POWERMATIC PM 2000 TABLE SAW 
5HP 50" ACCU-FENCE SYSTEM & ROUTER LIFT WITH ROLLING CART $2,700.00 

POWERMATIC PM 15 15" PLANNER 
5HP 3 BLADE $1,500.00 

DELTA COMMERICAL DUST COLLECTOR $500.00 

SEPARATE OR $6,000.00 FOR ALL 

CALL TIM BLAIR @ 903-879-1718

Oh BTW...the best way to find stuff on craigslist is do a multi city/region search 
http://craigslist-search.blogspot.com/


----------



## tstratto

*Yep, you did find one on Craig's List....*

Hey, Mic-41, congratulations. Yes, this does actually seem to be a possibility. I phoned the lead and asked some questions....which may lead to a sale. My problem for the moment will be the holidays and the distance (I'm in the Chicago area). 

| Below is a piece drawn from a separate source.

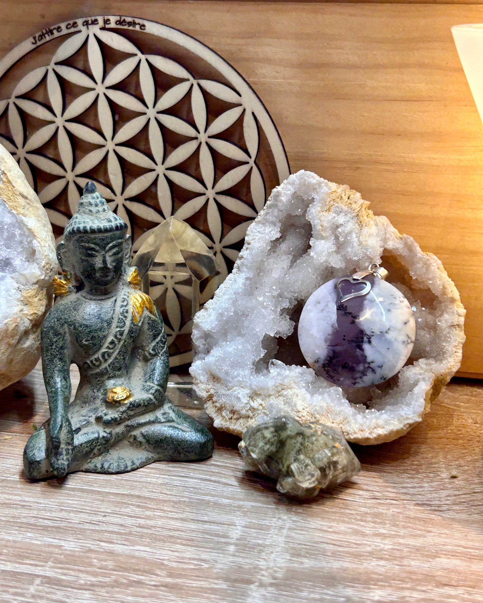Plan spirituel : L’Agate dendritique, pierre de plénitude, qui apporte l’abondance et la complétude dans tous les domaines de la vie y compris les affaires et l’agriculture. Elle vous permettra de vous sentir accompli au travers des différentes facettes de votre vie, aussi bien professionnelle que familiale. Ses inclusions de manganèse rappellent le règne végétal et la connexion à la Terre et nous guide à rester enraciné dans les moments où l’on a besoin de plus de stabilité pour passer au travers des conflits.

BTW, I did look within Craigs list earlier and couldn't find the lathe. Unless I'm not doing something right it seems that Craigs list won't let you perform a search on their entire geographic area. You have to search individually by area....and there are a lot of areas. Perhaps I didn't check Texas last time around. 

Anyway, thank you very much for the assistance. I don't know if this one will pan out, but I do appreciate your help. I guess I owe you lunch or a turned lunch bowl, if we can agree on terms.

Tony


----------



## tstratto

*I gave them a call and left a message......*

John, thank you. I did call their office in an attempt to locate a rebuilt or dented unit, and left a message. It seems that the holidays are now upon us an I called too late. So, I'll try again after the holidays. Again, thanks for the lead.

Tony



john lucas said:


> I forgot to say, you need to call their office. They don't have time to update the website because the owners son is the one who does the website and he's in school. The Scratch and Dent stuff never really makes it to the website. They are located in Nashville, Tn.


----------



## tstratto

*JVDOV - I looked within all of MA and came up empty...*

Sorry, JVDOV. I looked within Craig's List throughout MA's geographic regions and came up empty. Do you have a specific pointer, URL, link, or other info which I could use to locate the Powermatic you referenced?

Thanks,
Tony



jvdov said:


> There was a Powermatic on the local Craig's list. I don't know the model number. Try Craig's list Western MA tools.


----------



## Skip_Evans

*Parting with a 3520,*

I cannot imagine anyone parting with a 3520. This machine will last a lifetime and will turn just about anything you will want to.


----------



## garywagoner

*Still looking for a Powermatic 3520?*

Are you still looking for a 3520 Powermatic lathe? I have a very lightly used one I am considering selling. If you're interested, we can discuss particulars and I can provide photos, etc.
Gary Wagoner
Auburn AL


----------



## tstratto

*Still looking 3520B..... yep*

Gary,
Yes, I'm still looking for the 3520B. If you've a lead for me, email me at [email protected] Any particulars you can provide would help.
Thanks,
Tony


----------



## btracy114

*powermatic 3520*

If the deal didn't work out, I am also looking for a 3520. Please let me know at [email protected].


----------



## tstratto

*Yes, I'm still looking......*

Well, I'm still looking and still in the market to acquire the 3520B. I had one in my target, but it was more than I could afford....and the seller had a friend who agreed to pay the greater price if the seller would take 2/3rds upfront and the remaining 1/3rd several months later.

Another 3250 showed up, but it was not a B model. Rather, it was one of the original 3250's which were known to have a few flaws.

Anyway, I'm still looking.

Tony
(630)209-3344
[email protected]


----------



## john lucas

Only the early 3520's had any real flaws the 3520A's have all been very good. I have one of those and it's a great lathe. In fact we have no less than 7 members in our club who bought one and everyone is happy with theirs.


----------



## Barry Ward

*Best way of finding a used 3520b*

I was talking to a friend who has that older one an he loves it,true they were supposed to have a few bugs,but supposedly were easy to correct.then wham,ya gotta great mach.This is just hearsay,but if you can get it for the right price,it may be worth a little aggravation to get it right if the bugs are still there.
Ken


----------